What the TWCA is doing to meet the water-use challenges facing turfgrass
Turfgrass pros vist the NexGen Turf Research location in Albany, Ore., to view turf plots subjected to drought stress.
Photos courtesy of NexGen Turf Research.
Fresh water is a limited resource. Urbanization and the need to produce food for a growing population are creating ever-greater demands for fresh water. Meanwhile, changing weather patterns that result in droughts are also putting more strain on water availability.
The Turfgrass Water Conservation Alliance (TWCA), a partnership between researchers and turfgrass seed suppliers, says that demand for water has gone up 300 percent in the last half-century. Furthermore, there seems to be little likelihood that this growing demand for water will abate. In addition, estimates are that between 2000 and 2025 population growth will mean a 22.43 percent decrease in the amount of water available per person. Both public opinion and regulatory action are creating a need for turfgrass professionals to address the issue of water resource use and to do their part to conserve precious water resources.
In response, the TWCA was formed to combat the threat of depleting water resources, with a concentration on non-agricultural land areas, including lawns, sports venues, recreation areas and other landscapes. The TWCA was formed as an unbiased, independent body, which evaluates the drought hardiness of new cultivars of turfgrass, and then educates consumers and landscapers about the availability of, and need for, such new cultivars.
The TWCA is an offshoot of activities by Kenneth Hignight, director of research for NexGen Turf Research, and others to find ways to lower water use in turfgrass cultivation and then to develop objective ways of measuring the savings afforded by the new cultivars.
“The key to it all is greenness. Consumers judge their lawns by the greenness of their grass, and want to turn on the water when a lawn looks off color. So any cultivar that stays green when drier has an advantage. Also prized are turfs that recover to green faster after drought relief,” says Cale Bigelow, an associate professor of Agronomy at Purdue University in West Lafayette, Ind.

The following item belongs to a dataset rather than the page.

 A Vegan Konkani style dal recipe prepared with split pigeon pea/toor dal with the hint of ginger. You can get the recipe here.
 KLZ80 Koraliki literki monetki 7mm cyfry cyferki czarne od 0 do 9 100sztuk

Hignight began his efforts in 1993, first concentrating on creating cultivars with deeper roots and then designing a test infrastructure that could measure low-water performance objectively. In 2002, he says, a presentation on digital imaging analysis by Doug Karcher, an assistant professor at the University of Arkansas, showed researchers a way to evaluate seed performance that was less subjective than the 1 to 9 rating scheme used by NTEP, the National Turfgrass Evaluation Program.
In the NTEP trials, cooperators at sites across the United States and Canada plant and evaluate plots of turfgrass of different species and cultivars and rate them on the scale for such characteristics as color, leaf texture, spring greenup and drought, to name a few. The higher the number, the better a particular grass is for each characteristic. As the ratings depend upon visual examination, they are highly subjective.

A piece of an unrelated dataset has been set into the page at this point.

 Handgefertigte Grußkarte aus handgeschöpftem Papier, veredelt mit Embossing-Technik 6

By contrast, digital imaging uses a lightbox to analyze digital photos, counting the ratio of pixels of green versus non-green. Turf can thus be more precisely evaluated for color and density, insists the TWCA.
Hignight says the formation of the TWCA enlisted seed companies such as Turf Merchants, Proseeds Marketing, Pennington and PureSeed Testing into the picture. This served to make the evaluations more affordable. Plus, in addition to the objective quantification allowed by digital analysis, the TWCA’s independent Research Review Board acts as a third-party turfseed evaluator, meaning findings can be trusted to meet rigorous scientific standards.
Neither food nor fiber
Bigelow says that the turfgrass breeders wanted to get involved in water conservation efforts because turfgrass is an amenity, not used for food, fiber or fuel.

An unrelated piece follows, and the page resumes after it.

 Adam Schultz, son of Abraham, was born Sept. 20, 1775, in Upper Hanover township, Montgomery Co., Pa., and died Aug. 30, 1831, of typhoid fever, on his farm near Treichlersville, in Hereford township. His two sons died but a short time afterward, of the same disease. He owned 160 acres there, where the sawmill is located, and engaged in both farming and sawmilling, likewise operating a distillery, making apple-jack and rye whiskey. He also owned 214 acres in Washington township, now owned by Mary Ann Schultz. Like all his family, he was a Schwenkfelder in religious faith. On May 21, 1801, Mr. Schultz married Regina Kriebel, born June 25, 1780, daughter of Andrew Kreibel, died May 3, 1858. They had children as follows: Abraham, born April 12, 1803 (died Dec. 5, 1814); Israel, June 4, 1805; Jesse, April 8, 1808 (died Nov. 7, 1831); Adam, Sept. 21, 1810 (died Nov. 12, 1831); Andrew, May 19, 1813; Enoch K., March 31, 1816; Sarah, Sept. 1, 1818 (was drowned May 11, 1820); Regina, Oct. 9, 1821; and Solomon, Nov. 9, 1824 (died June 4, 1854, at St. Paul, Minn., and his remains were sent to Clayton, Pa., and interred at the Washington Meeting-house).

According to Crystal Fricker, president of PureSeed Testing, the industry’s turfseed suppliers are now working together to develop low-water-use turfgrasses, some of the research spinning off of salinity trials. She notes that she and Hignight have been comparing notes and exchanging ideas. “It used to just be companies saying that they have this and that, and marketing what they claim are their advantages,” she says. “But now we have independent third-party verification. It’s not just a seed company saying ‘We are the best.’ We take our data and send it right to Mike Richardson and Doug Karcher at the University of Arkansas, and they use their expertise to analyze our data. I am not always even sure what we have until they look at it.”
Hignight says it took a long time to work through the process. “Today, we can establish how the grass will look when there is a specific percentage of moisture left. In some cases, some grasses require as much as twice the amount of water to look the same,” he explains.
The researchers are looking at Kentucky and Texas bluegrasses, as well as tall fescue, ryegrass and fine fescues. Genetic sources are important to determining water conservation characteristics, adds Hignight. The top performers of the Comparative Turfgrass Breeders Association represent a strong genetic sampling.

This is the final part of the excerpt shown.